Liefde voor de gast
De werknemers van het Ambassade Hotel zijn experts in hospitality. Voor en achter de schermen werken ze met hart en ziel aan de best mogelijke service. De nadruk ligt op een persoonlijke benadering en veel tijd en aandacht voor de gasten. Het hotel voelt hierdoor voor iedereen als een warm bad, een ‘home away from home’, waar je je net zo op je gemak voelt als thuis.

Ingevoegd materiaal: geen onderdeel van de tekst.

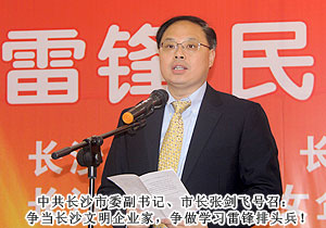 中共长沙市委副书记、市长张剑飞在会上表示,希望广大工商界人士、女企业家要切实增强历史使命感和发展紧迫感,争当长沙文明企业家,争做学习雷锋排头兵,以雷锋为榜样,自觉地把个人发展与全市经济社会发展结合起来,把个人富裕与全市人民共同富裕结合起来,坚定信心,抢抓机遇,乘势而上,以实际行动促进我市非公有制经济蓬勃发展,开创我市工商界人士学习雷锋精神的崭新篇章。同时,张剑飞要求全市工商界人士要学习雷锋同志的实干精神,抢抓机遇,加快企业转型升级;要学习雷锋同志的“钉子”精神,刻苦学习,不断提升自身素质;要学习雷锋同志的“傻子”精神,努力奉献,积极承担社会责任。

In dit artikel richten we de schijnwerpers op de receptie-assistenten. Ze hebben een belangrijke taak in het hotel: ze dragen zorg voor de omgeving, ontfermen zich over de bagage, maken de gasten wegwijs, verzorgen de roomservice en geven informatie. Ook maken ze samen met de receptiemedewerkers allerhande reserveringen voor de gasten en zorgen ze er desgewenst voor dat de hotelfietsen klaarstaan. Maar hun allerbelangrijkste taak ligt bij het hartelijk verwelkomen en het zoveel mogelijk ‘ontzorgen’ van de gasten.
‘We zijn de eerste kennismaking van de gast met het hotel en ‘first impressions count’. Een hartelijke en respectvolle ontvangst is ontzettend belangrijk’, vertelt Ewout Smit, die als receptie-assistent zijn droombaan heeft gevonden. ‘Het is zó belangrijk dat gasten zich vanaf het eerste moment welkom voelen en dat er iemand is die alle tijd en aandacht voor ze heeft. Daarbij komt fijngevoeligheid kijken, voor het type gast en zijn of haar cultuur.’
Wim Breden, al jaren werkzaam bij het Ambassade Hotel, knikt instemmend.
‘Hoe je met een oude Engelse aristocraat omgaat is heel anders dan met bijvoorbeeld een joviale Amerikaan.’
‘Hoe langer je dit werk doet, hoe meer je daarvoor voelsprieten ontwikkelt. Ons werk is telkens opnieuw aftasten welke benadering het beste past en aanvoelen wat elke gast nodig heeft. In het Ambassade Hotel is daar alle tijd en aandacht voor en je merkt dat dat wordt gewaardeerd. Niet voor niets keren gasten regelmatig terug. Met veel gasten heb ik in de loop der jaren dan ook echt een band opgebouwd.’
Hoe bijzonder zijn werk is, illustreert hij met een kleurrijk verhaal. ‘Jarenlang kwam hier een bekende high society-dame uit New York. Een flamboyant type met ‘pashmina’s’ en een uitmuntende kledingstijl. Ik haalde haar een paar keer per jaar op van Schiphol, waar wachtrijen niet bestonden voor haar. Ze liep overal eenvoudigweg door en niemand die haar tegenhield of er wat van durfde te zeggen. Zo’n sterke uitstraling en persoonlijkheid, daar bracht je niets tegen in. Maar ze had een hart van goud en we hadden de meest bijzondere gesprekken. Als blijk van waardering nodigde ze me uit om bij haar op bezoek te komen, maar een maand voor vertrek kreeg ik het bericht dat ze was overleden… Toen heb ik wel een traan gelaten.’